- Born: October 28, 1946 Rome, Georgia
- Died: May 3, 2021 (aged 74) Hendersonville, North Carolina
- Education: University of Georgia
- Known for: Bradford assay
- Scientific career
- Fields: Biochemistry
- Thesis: Enzymology of penetration of the mammalian ovum (1975)
- Doctoral advisor: William L. Williams

= Marion M. Bradford =

American scientist (1946–2021)

Marion Mckinley Bradford (October 28, 1946 - May 3, 2021) was an American scientist who developed and patented the Bradford protein assay, a method to quickly quantify the amount of protein in a sample. His paper describing the method is among the most cited scholarly articles of all time.

==Biography==
===Early life and education===
Bradford was born October 28, 1946, in Rome, Georgia, US, and received his B.A. from Shorter College there in 1967. In 1971 he married Janet Holliday.

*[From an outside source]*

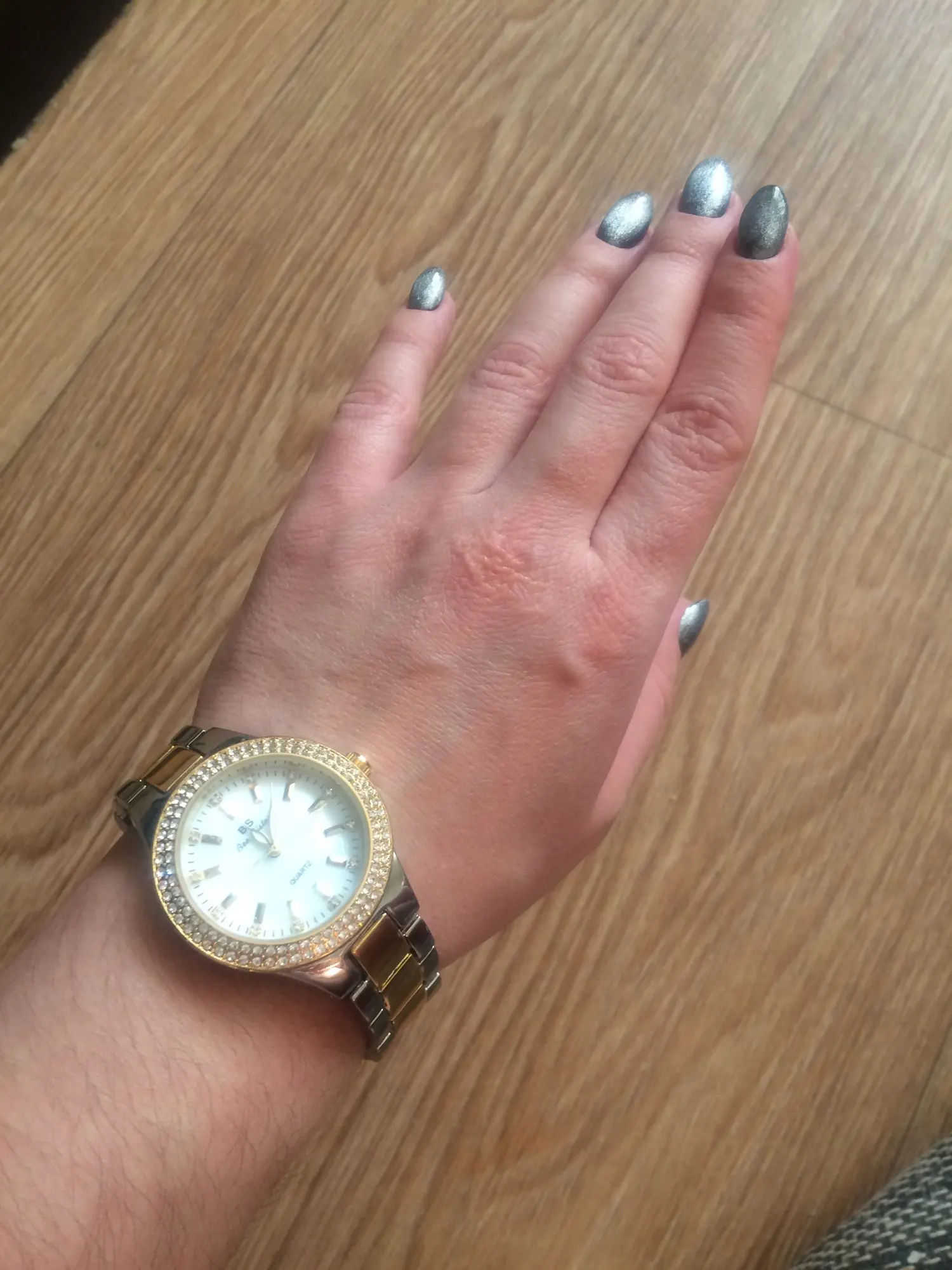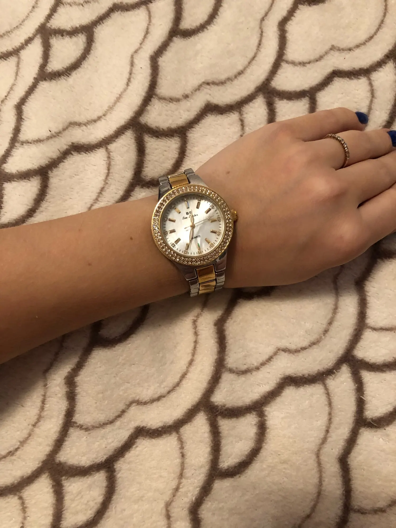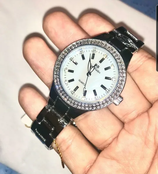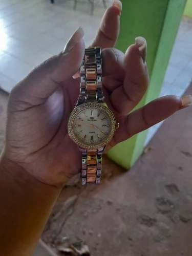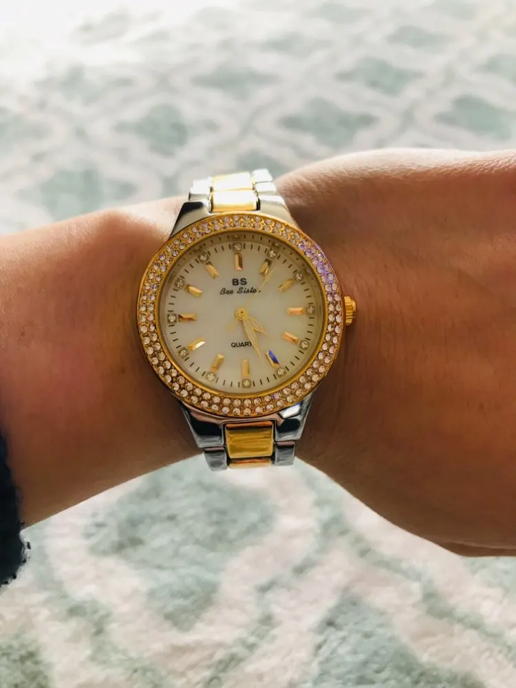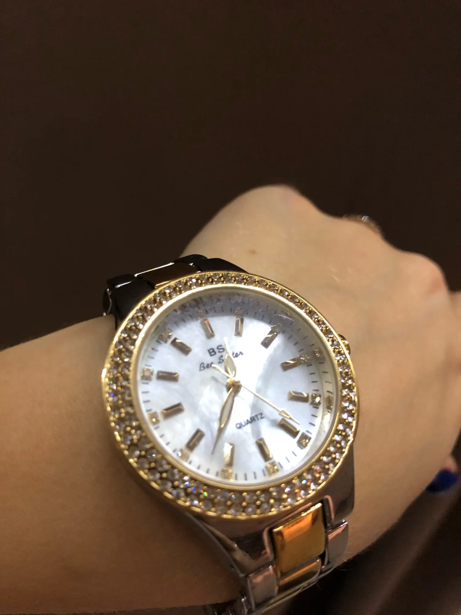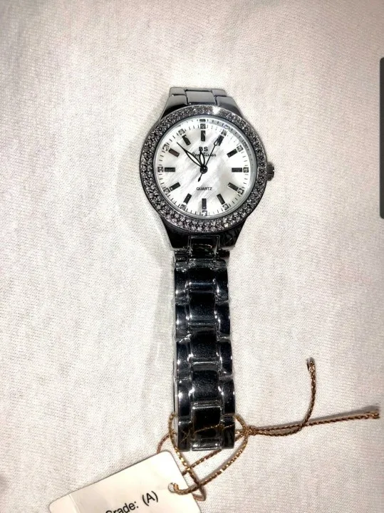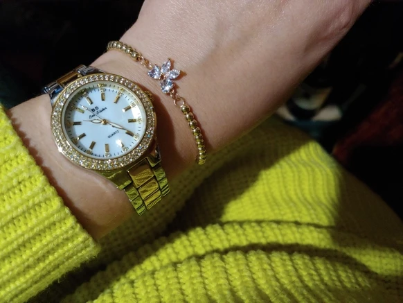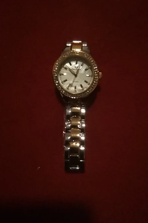 Доставка быстрая, 2 недели в Самару. Упаковано в уплотнитель и пупырку, для такой стоимость хотя бы в коробку положили. Часы выглядят очень красиво, тяжелые, царапин не обнаружено. Браслет был в пленке, а вот циферблат нет, стразы все на месте. Часы были без ограничителя на колесике перевода стрелок, т. е. пришли работающие тикающие, это очень странно, даже в дешманских часах до 200р. ставят ограничитель. Застежка очень и очень тугая, браслет пришел закрытым, пришлось потрудиься, чтоб открыть, после нескольких раз стало помягче, но всё равно туго. В комплекте шнурок, вопрос куда его пристегнуть риторический, при вскрытии пакета случайно его разрезала, это опять минус упаковки. И ещё шпилька для уменьшения браслета, очень плохого качества, сразу погнулась на первой же скрепки, в итоге проколола два пальца пока снимала лишние звенья. Итог - часами довольна, по цене вышли 729р на распродаже 11.11., повседневно носить не буду, чтоб подольше не облезли. Рекомендую, на руке смотрятся отличн

He obtained his Ph.D. in biochemistry from the University of Georgia in 1975, and his use of the Coomassie Brilliant Blue G-250 dye to detect proteins, which became known as the Bradford assay, was patented in 1976.

===Career===
Bradford was employed by the University of Georgia as a research biochemist from 1977 to 1983. In the latter year he joined A. E. Staley and worked in biochemical research there until his retirement.

Bradford died on May 3, 2021, in Hendersonville, North Carolina.